IQ Tests and scores are scaled to have a mean of 100 and a standard deviation of 15. They also are approximately normally distributed. A person scores a 125 on the IQ test. What is the percentage of people scoring higher than this person?
I'm having trouble calculating this answer. Please help. Thank you.
Given a normal distribution $f(x)$ with mean $100$ and standard deviation $15$, where $x$ is the IQ, the probability of a person having a higher IQ than $125$ is $$\int_{125}^\infty f(x)dx,$$
which is your answer. Can you fill in the details? (Note, however, that you won't get a closed form expression out of this, you'd have to use numerical methods.)
EDIT: In the comments above, you write "I am getting tripped up that $N$ (number of people) is not defined and I don't know what the maximum score of the test is?" When dealing with percentages, $N$ doesn't have to be defined; for a given $N$, $N$ times the probability you found is the expected number of people with an IQ above $125.$ Note that expected values do not have to be integers, even though it describes something that is discrete (number of people). With respect to the maximum score, it is infinity, as the range of the normal distribution is as such. This means that you, although extremely unlikely, have a non-zero chance of observing a person with an arbitrarily high IQ.

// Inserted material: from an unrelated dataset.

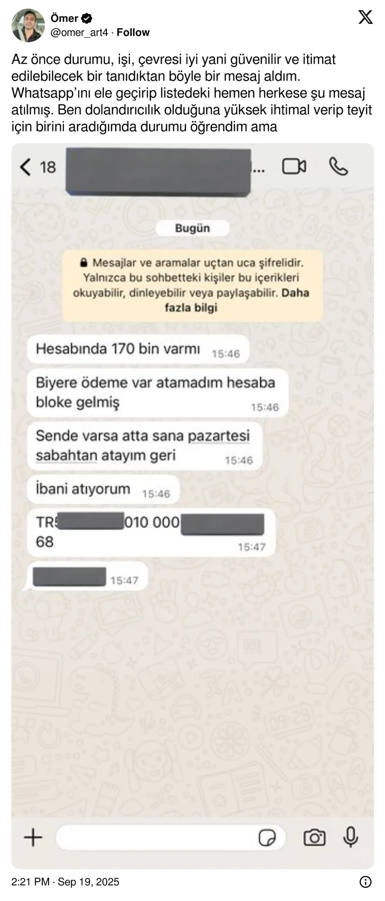 X’teki ‘@omer_art4’ isimli kullanıcı, tanıdığı birinin WhatsApp üzerinden borç istemesi üzerine şüphelendi. Kullanıcının paylaştığı ekran görüntüsünde, bir kişi hesabına bloke geldiğini söyleyip IBAN paylaşarak borç talep ediyordu. Ancak X kullanıcısı mesajın dolandırıcılık amacı taşıdığını fark etti.

I'm pretty sure you are expected to use printed tables of the standard normal CDF to get a numerical solution to this problem. That involves transforming the IQ scale with $X \sim \mathsf{Norm}(\mu = 100, \sigma=15).$ To a standard normal scale with $Z \sim \mathsf{Norm}(0, 1).$ Essentially $Z$ is the number of standard deviations ($\sigma=15$) above or below the IQ mean ($\mu = 100$) that a particular IQ score falls (as in the Comment of JMoravitz).
Here is a sketch of the normal curve that describes IQ scores. The total area under the curve is $1 = 100\%.$ The probability you want is represented by area under the curve and to the right of the vertical red line. Roughly, it looks to be about 5%.
Here is how to begin a formal computation:
$$P(X > 125) = P\left(\frac{S - \mu}{\sigma} > \frac{125 - 100}{15} = 1.67\right) = P(Z > 1.67).$$
To use printed standard normal tables found in most elementary statistics texts, you will have to read the details because the formats of these tables vary. (Maybe you will have to find the area under the standard normal curve between 0 and 1.67 from that tables, and then subtract from 0.5.)
This problem can be solved directly (without standardization or rounding) using software. Using R statistical software, the computation is shown below.
1 - pnorm(125, 100, 15)
## 0.04779035
You will likely not get exactly this result from printed normal tables, because it is necessary to round 1.6666... to 1.67 in order to use most tables.